Task requirements
With the pictures removed, the data below must be transcribed in full and exactly.

·····

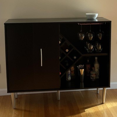 The contemporary Miko Black Wine Cabinet by Homes: Inside + Out offers a sleek server featuring sleek and smooth bifold cabinet doors and modern metallic accents. The eye catching diamond shape of the center wine rack of this buffet brings drama and geometric flair. The wine rack also delivers storage space for nine wine bottles showcasing your favorite vintages. Angled, tapered legs in a warm finish add a touch of mid-century flair sure to enliven your dining room.
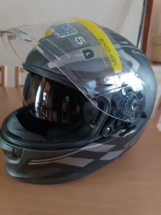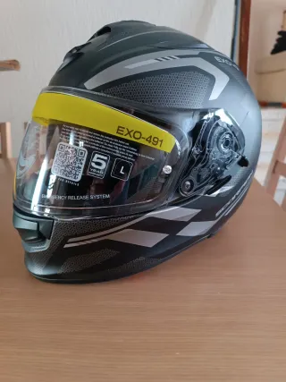 Casco de moto Scorpion EXO-491 con diseño moderno y detalles en gris y negro. Incluye visor transparente y sistema de liberación de emergencia. - Modelo: EXO-491 - Talla: L - Color: Negro/Gris - Cierre de emergencia en el visor
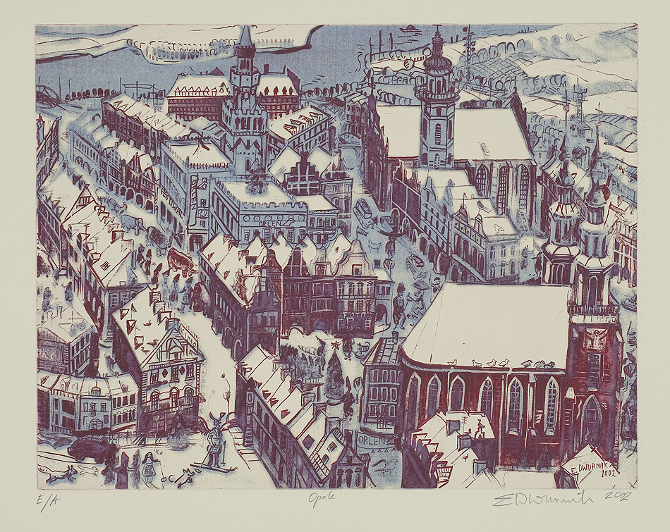 Edward Dwurnik (Radzymin 19 IV 1943 - Warszawa 28 X 2018) studiował malarstwo w ASP w Warszawie (1963-1970), jednak jako swego „mistrza“ wymienia Nikifora. Jego to prace, zobaczone po raz pierwszy w 1965, zainspirowały ówczesnego studenta III roku do narysowania pierwszych prac z cyklu „Podróże autostopem“, które kontynuował w nastepnych latach. W 1972-1978 powstawał cykl „Sportowcy“, w którym portretowane były, dodajmy - kąśliwie, typowe postaci z lat 70. Równolegle od 1975 powstawał cykl „Robotnicy“, który kulminował w okresie „Solidarności“ 1980-1981. Za prace z tego cyklu Dwurnik otrzymał w 1981 Nagrodę Krytyki Artystycznej im. Cypriana Kamila Norwida, natomiast za obrazy z cyklu „Warszawa“ (1981), proroczo zapowiadające stan wojenny - Nagrodę Kulturalną „Solidarności“ podziemnej w 1983. W latach 80. malarstwo Dwurnika przybrało wyraz ekspresyjny i dramatyczny. Powstające w tej dekadzie obrazy miały niejednokrotnie wymowę polityczną, przybierały też kostium historyczny, tak czy inaczej odnoszący się do współczesnych spraw i realiów. Cykl „Droga na Wschód“ (1989-91) upamiętniał ofiary stalinizmu, natomiast cykl „Od Grudnia do Czerwca“ (1990-94) - ofiary stanu wojennego. Zarówno ideowe, jak i czysto malarskie walory tych prac przyniosły artyście ogromne uznanie, zarówno w kraju jak i za granicą. Jego wyrazem była prestiżowa nagroda Fundacji Coutts & Co w Zurychu (1992). W latach 90. powstają cykle będące kontynuacją „Podróży autostopem“: „Niebieskie miasta“ (od 1993) i „Diagonale“ (od 1996), jak również kompozycje nowego typu, jak widoki morskie (cykl „Błękitne“, 1992-93) czy cykl „Wyliczanka“ (1996-99). Artysta wiele wystawia, miał ok. 100 wystaw indywidualnych w Polsce i za granicą, brał też udział w licznych wystawach i festiwalach krajowych i międzynarodowych, m.in.: X Biennale Sztuki Współczesnej, Menton 1974, Documenta 7, Kassel 1982, 5th Biennale, Sydney 1985, XIX Biennale Sztuki, Sao Paulo 1987; Olimpiada Sztuki, Seul 1988. Równolegle z malarstwem uprawiał rysunek, collage, grafikę warsztatową (litografia, techniki metalowe, kserografia, stemple) i użytkową (ilustracja, plakaty do własnych wystaw indywidualnych).
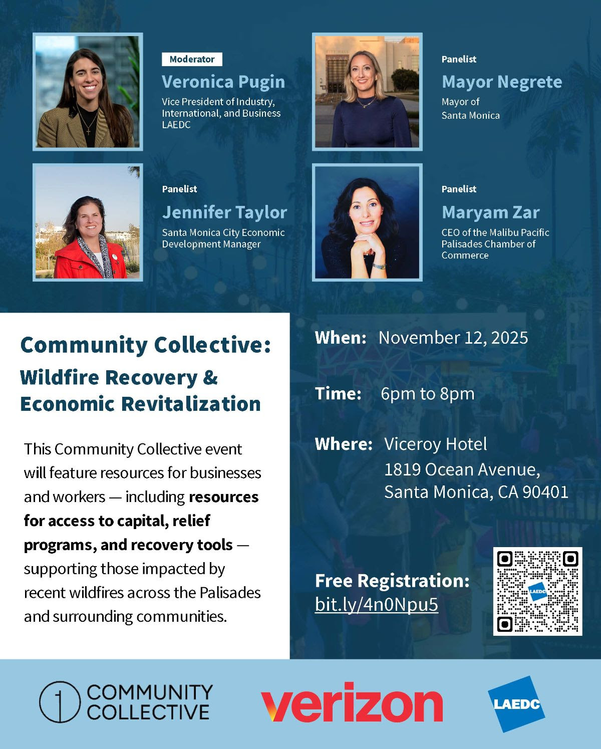 Connect with resources for businesses and workers — including access to capital, relief programs, and recovery tools — supporting those impacted by recent wildfires across the Palisades and nearby communities.
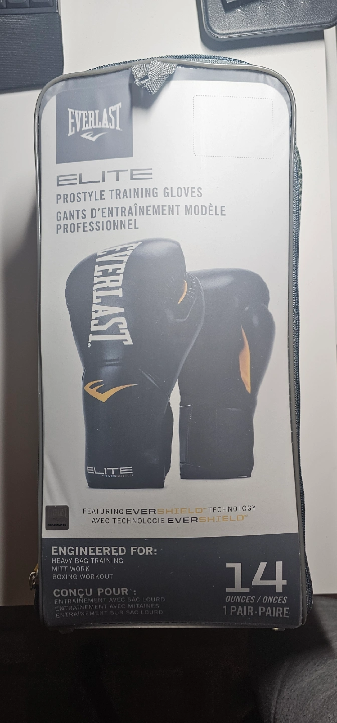 79Selling a pair of Everlast Elite Prostyle Training Gloves! These are 14 oz gloves, perfect for heavy bag training or boxing workouts. Lightly used.

·····

Task answer
 The contemporary Miko Black Wine Cabinet by Homes: Inside + Out offers a sleek server featuring sleek and smooth bifold cabinet doors and modern metallic accents. The eye catching diamond shape of the center wine rack of this buffet brings drama and geometric flair. The wine rack also delivers storage space for nine wine bottles showcasing your favorite vintages. Angled, tapered legs in a warm finish add a touch of mid-century flair sure to enliven your dining room.
 Casco de moto Scorpion EXO-491 con diseño moderno y detalles en gris y negro. Incluye visor transparente y sistema de liberación de emergencia. - Modelo: EXO-491 - Talla: L - Color: Negro/Gris - Cierre de emergencia en el visor
 Edward Dwurnik (Radzymin 19 IV 1943 - Warszawa 28 X 2018) studiował malarstwo w ASP w Warszawie (1963-1970), jednak jako swego „mistrza“ wymienia Nikifora. Jego to prace, zobaczone po raz pierwszy w 1965, zainspirowały ówczesnego studenta III roku do narysowania pierwszych prac z cyklu „Podróże autostopem“, które kontynuował w nastepnych latach. W 1972-1978 powstawał cykl „Sportowcy“, w którym portretowane były, dodajmy - kąśliwie, typowe postaci z lat 70. Równolegle od 1975 powstawał cykl „Robotnicy“, który kulminował w okresie „Solidarności“ 1980-1981. Za prace z tego cyklu Dwurnik otrzymał w 1981 Nagrodę Krytyki Artystycznej im. Cypriana Kamila Norwida, natomiast za obrazy z cyklu „Warszawa“ (1981), proroczo zapowiadające stan wojenny - Nagrodę Kulturalną „Solidarności“ podziemnej w 1983. W latach 80. malarstwo Dwurnika przybrało wyraz ekspresyjny i dramatyczny. Powstające w tej dekadzie obrazy miały niejednokrotnie wymowę polityczną, przybierały też kostium historyczny, tak czy inaczej odnoszący się do współczesnych spraw i realiów. Cykl „Droga na Wschód“ (1989-91) upamiętniał ofiary stalinizmu, natomiast cykl „Od Grudnia do Czerwca“ (1990-94) - ofiary stanu wojennego. Zarówno ideowe, jak i czysto malarskie walory tych prac przyniosły artyście ogromne uznanie, zarówno w kraju jak i za granicą. Jego wyrazem była prestiżowa nagroda Fundacji Coutts & Co w Zurychu (1992). W latach 90. powstają cykle będące kontynuacją „Podróży autostopem“: „Niebieskie miasta“ (od 1993) i „Diagonale“ (od 1996), jak również kompozycje nowego typu, jak widoki morskie (cykl „Błękitne“, 1992-93) czy cykl „Wyliczanka“ (1996-99). Artysta wiele wystawia, miał ok. 100 wystaw indywidualnych w Polsce i za granicą, brał też udział w licznych wystawach i festiwalach krajowych i międzynarodowych, m.in.: X Biennale Sztuki Współczesnej, Menton 1974, Documenta 7, Kassel 1982, 5th Biennale, Sydney 1985, XIX Biennale Sztuki, Sao Paulo 1987; Olimpiada Sztuki, Seul 1988. Równolegle z malarstwem uprawiał rysunek, collage, grafikę warsztatową (litografia, techniki metalowe, kserografia, stemple) i użytkową (ilustracja, plakaty do własnych wystaw indywidualnych).
 Connect with resources for businesses and workers — including access to capital, relief programs, and recovery tools — supporting those impacted by recent wildfires across the Palisades and nearby communities.
 79Selling a pair of Everlast Elite Prostyle Training Gloves! These are 14 oz gloves, perfect for heavy bag training or boxing workouts. Lightly used.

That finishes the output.